In addition to the conversion of published activity types/values/units to standard activity types/values/units, an additional field called pCHEMBL_VALUE has been added to the activities table. This value allows a number of roughly comparable measures of half-maximal response concentration/potency/affinity to be compared on a negative logarithmic scale (e.g. an IC50 measurement of 1 nM has a pChEMBL value of 9). The pChEMBL value is currently defined as follows: −log₁₀ (molar IC50, XC50, EC50, AC50, Ki, Kd or Potency).

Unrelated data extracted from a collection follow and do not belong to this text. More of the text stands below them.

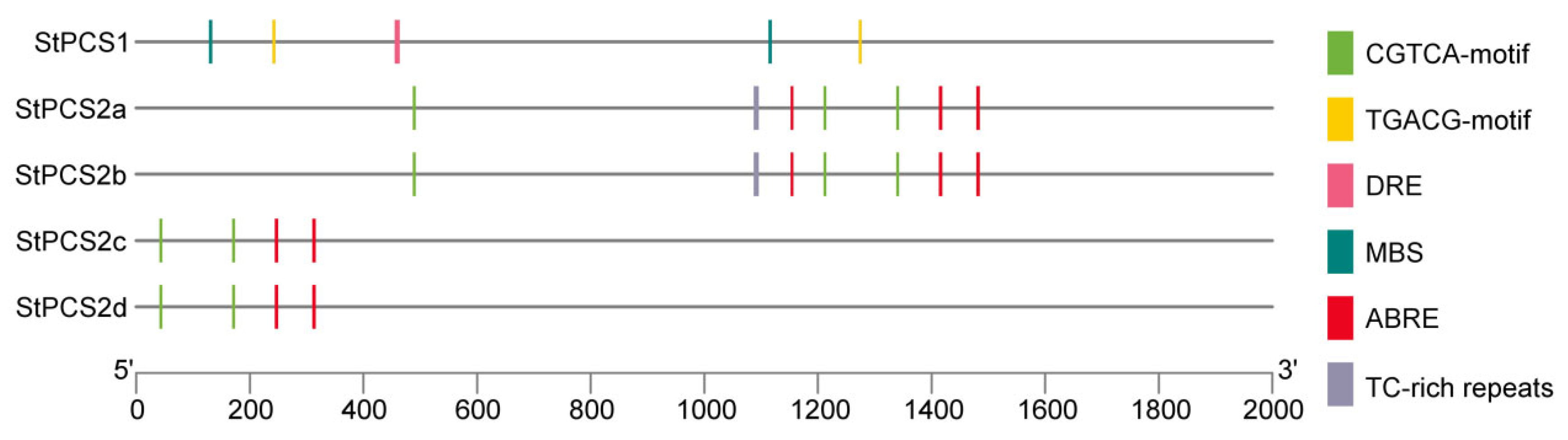 3.5. Cis-Regulatory Element Analysis of StPCS Promoters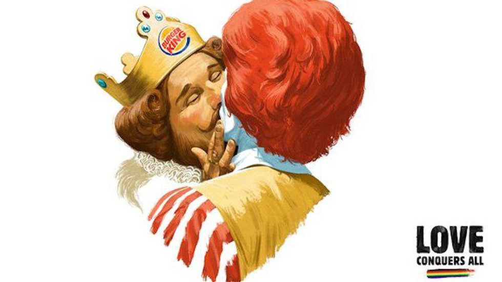 All the way over in Finland, Burger King is celebrating Helsinki Pride with an ad campaign of their royal mascot and Ronald McDonald kissing. "Love Conquers All," the ads read. The images have been spotted at bus stops around the city.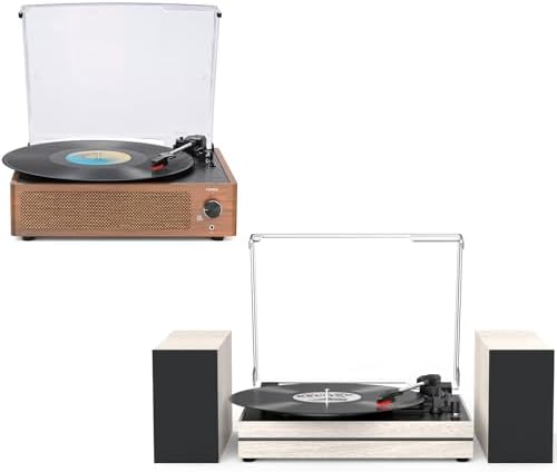 Record Player with Built-in Two Speakers Brown and Record Player with Two External Speakers White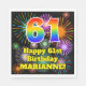 Este alegre y emocionante diseño de servilleta de papel de cumpleaños presenta un gran número "61" con un colorido patrón inspirado en el gradiente del espectro de arcoiris, junto con el mensaje "Feliz cumpleaños número 61", y un nombre personalizado. El fondo presenta un vibrante y colorido estallido de fuegos artificiales de celebración inspirados en el. Las servilletas de papel como esta podrían ser usadas en un fiesta llevado a cabo en celebración del 61 cumpleaños de alguien. [~Z0000574]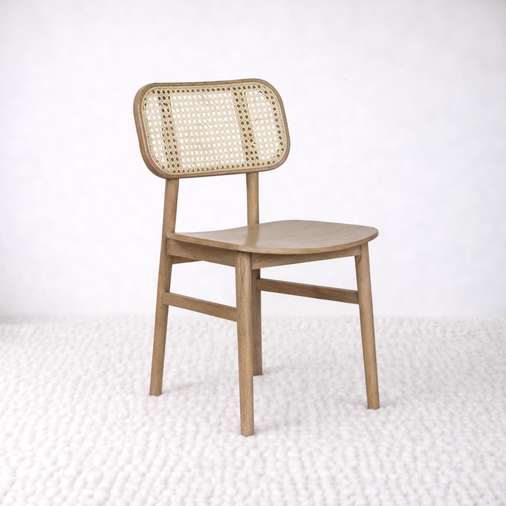 En stilren stol i massiv ek med ryggstöd i klassisk rottingflätning. Den kombinerar naturliga material med tidlös design och passar lika bra runt matbordet som i vardagsrummet. Robust, men samtidigt lätt och luftig i uttrycket.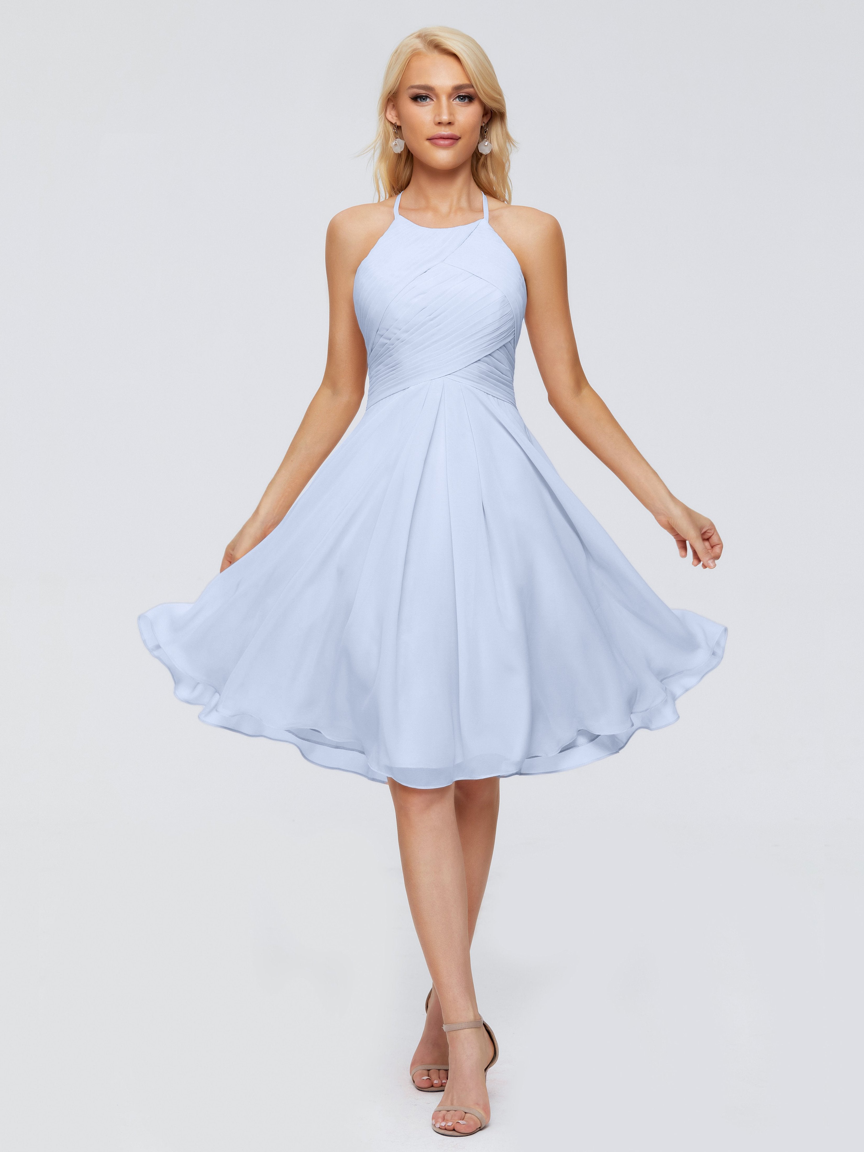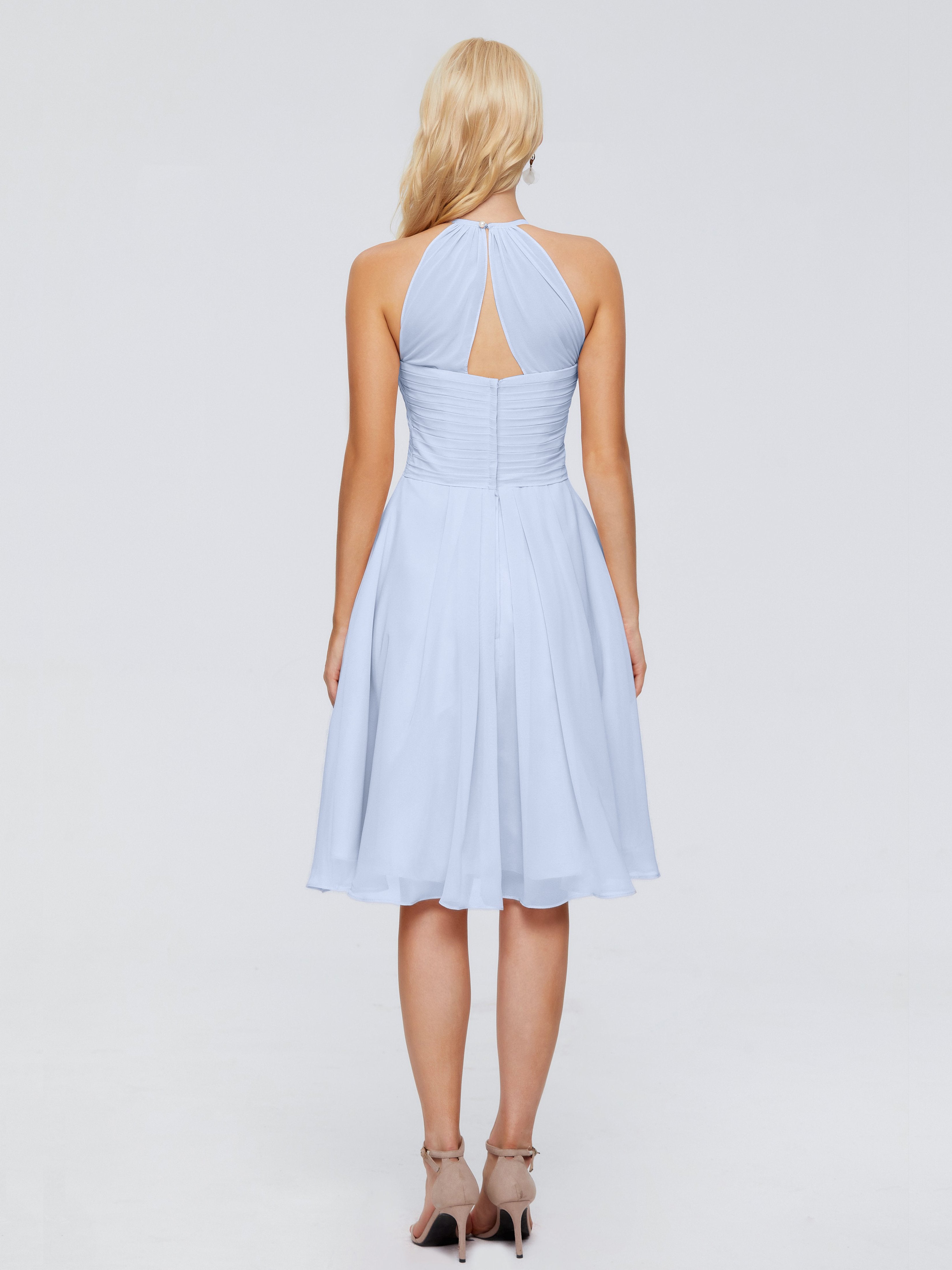 Sky Blue Bridesmaid Gown Knee Length Chiffon Bridesmaid Dresses Halterneck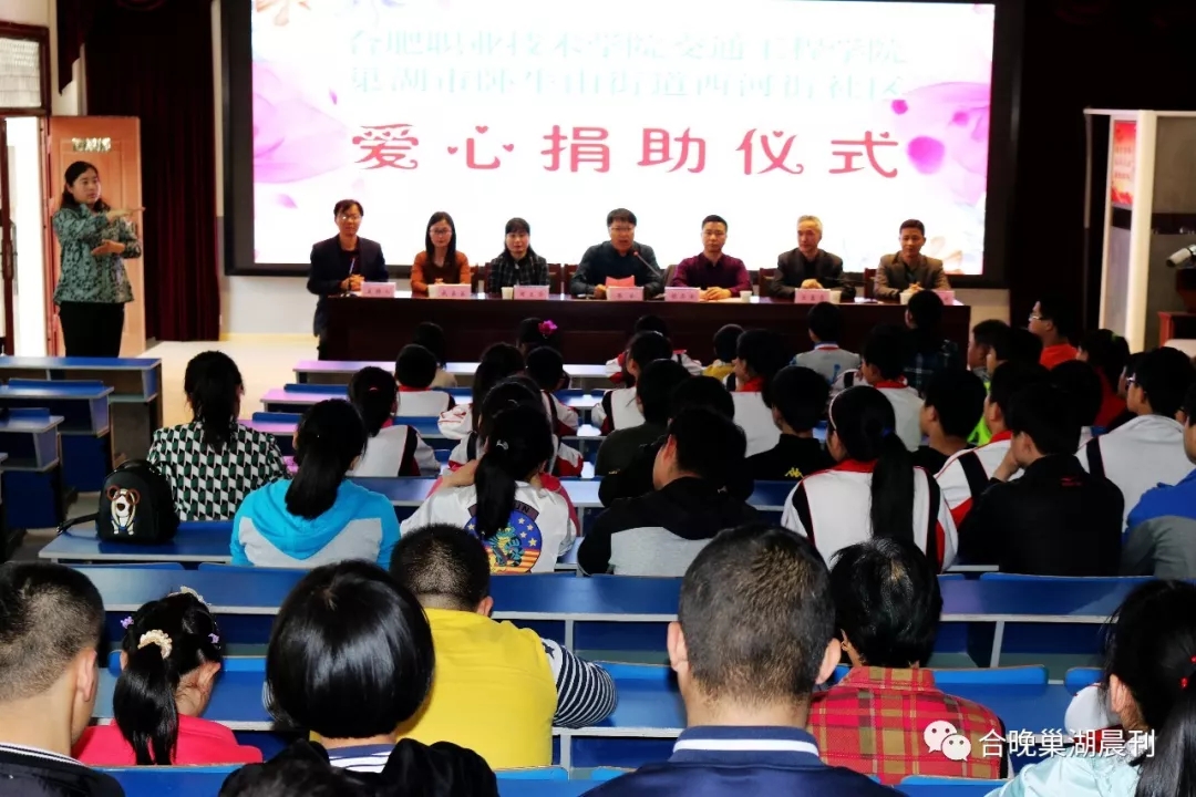 4月18日,AC米兰中文官方网站交通工程学院和卧牛山街道西河街社区以及西河街社区组织联合会在巢湖市特殊教育学校举行了爱心捐助仪式。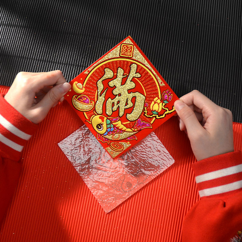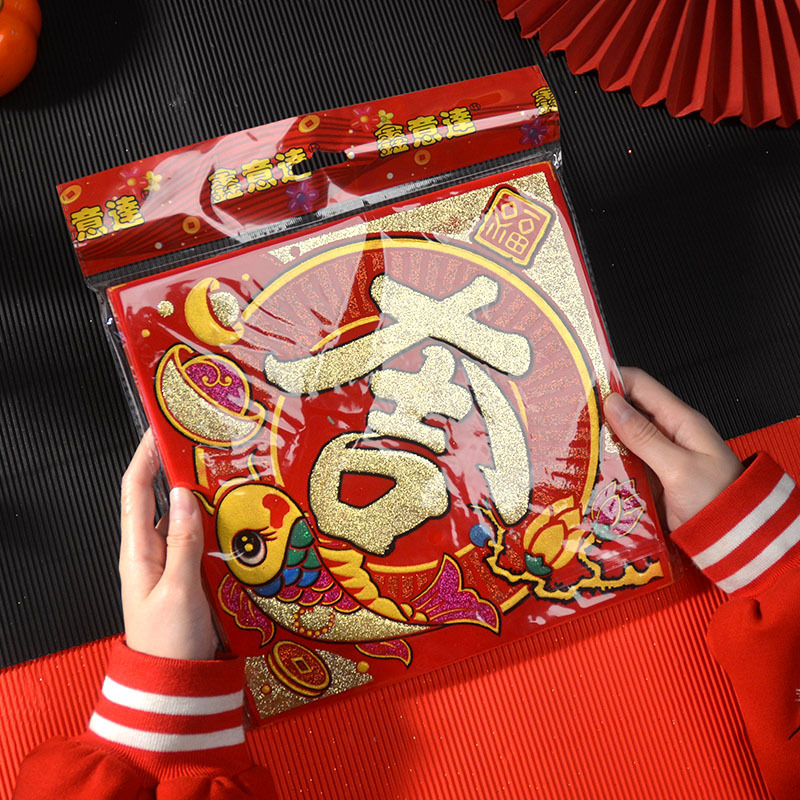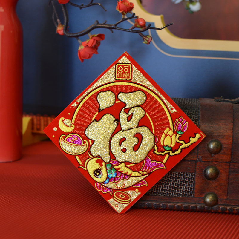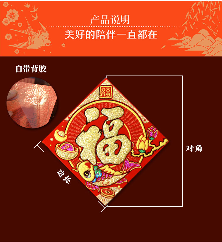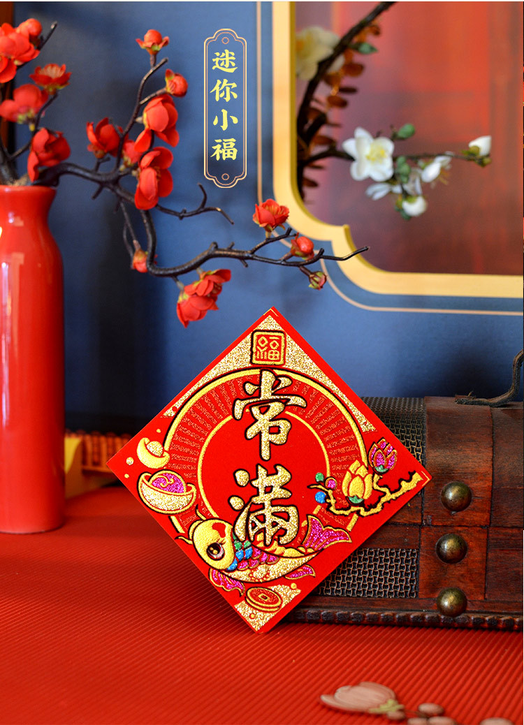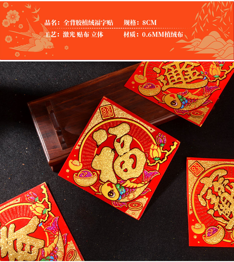 新年春节烫金鱼款迷你小福字贴米缸米桶花盆装饰春发满宝大吉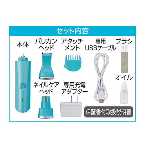 ●USB充電式(アダプター・ケーブル付属)。コードレスでどこでも使える。充電しながら使える、専用アダプター・モバイルバッテリーで充電可能。※1000mA出力のものをご使用ください。フル充電でバリカンは約60分間・ネイルケアは約45分間使用可能。(連絡使用時間15分)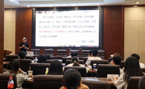 新闻中心讯(记者 蓝静 芮雨欣)“希望同学们在这里能学有所获,学有所成,做到与圣贤为友,与经典同行”,8月31日上午,青年学者、国学讲师、传统文化推广者、湖北省国学研究会副秘书长、英国正版365官网国学教育研究院兼职教师张凤篪与第八届国学夏令营的学员们分享国学经典中的做人道理和处事哲学。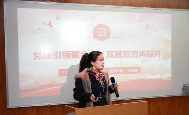 江西财经大学教务处党支部书记、教务处处长万建香以《党建引领聚合力,双融双育再提升》为题作专题报告。报告从始终把党的政治建设摆在首位、高质量推进主题教育、意识形态工作与党建有机融合、积极开展“双融双育”活动、2024年党建工作思路和措施等五个方面详细阐述了江西财经大学教务处党支部党建引领中心工作的举措。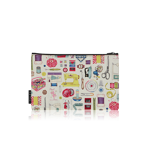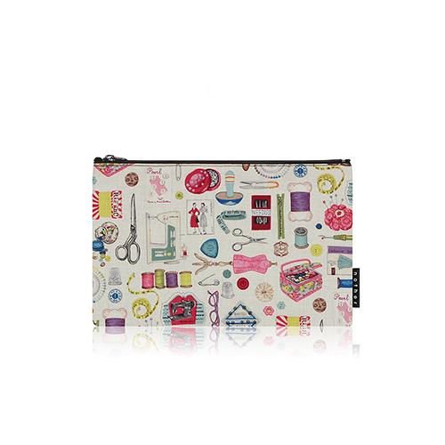 레트로 감성의 봉재 용품들을 패턴화한 코튼 소재 파우치 입니다.

Having standardized the activity types, units and values, it is also then possible to identify data that are potentially erroneous and require further checking with reference to the original article. These data are flagged in the DATA_VALIDITY_COMMENT column of the activities table, the values of which should be self-explanatory. The key ones are ‘Outside typical range’ where the value is what would normally be considered too high or low a value for the activity type (e.g. an IC50 value of 10⁹nM) and ‘Non standard unit for type’ where the unit is inappropriate for the activity type (e.g. an IC50 with units of % or µg). A table is available in the database (ACTIVITY_STDS_LOOKUP) that contains details of the activity types that have been standardized, their permitted standardized units and their acceptable value ranges.

Lastly the standardization of activity allows the identification of potential duplicate activity values using the rules outlined by Kramer et al. (31). These are values where an activity measurement reported in an article is likely to be a repeat citation of an earlier measurement, rather than an independent measurement. A particular example would be a value reported on a compound used as a standard in an assay. We flag all data where the pChEMBL value between the earliest reference and later references is <0.02 (for the same compound and target pair) with a value of 1 in the POTENTIAL_DUPLICATE column of the activities table. Similarly, wherever the two pChEMBL values differ by exactly 3 or 6 log units, the activity record from the most recent publication is flagged as a ‘Potential transcription error’.

DATA ACCESS

The ChEMBL interface

The ChEMBL database is accessible via a simple web-based interface at https://www.ebi.ac.uk/chembl. This interface allows users to search the database in a number of ways. A simple key word search box at the top of the page allows users to find compounds, targets, assays or documents containing a search term of interest (by searching various name, description and synonym fields). For users wishing to search for compounds by structure, rather than name, the ‘Ligand Search’ tab provides a simple sketcher, allowing users to draw a structure or substructure of interest (or import a molfile) and retrieve related compounds (32). Alternatively, compounds can also be retrieved by CHEMBL_ID, smiles or a sequence search against biotherapeutic drugs. Similarly, a ‘Target Search’ tab allows searching of targets by CHEMBL_ID or sequence. Targets can also be browsed either by organism or protein family via the ‘Browse Targets’ tab. Enhancements have recently been made to this tree browser, allowing users to search by key word and identify relevant nodes of the tree, and to expand, collapse or select multiple nodes simultaneously.

Having identified compounds or targets of interest, bioactivity data can be retrieved either from a drop-down menu on the search results pages, or via the Report Cards provided for each ChEMBL compound, target, assay or document, which contain a series of clickable graphical widgets for this purpose.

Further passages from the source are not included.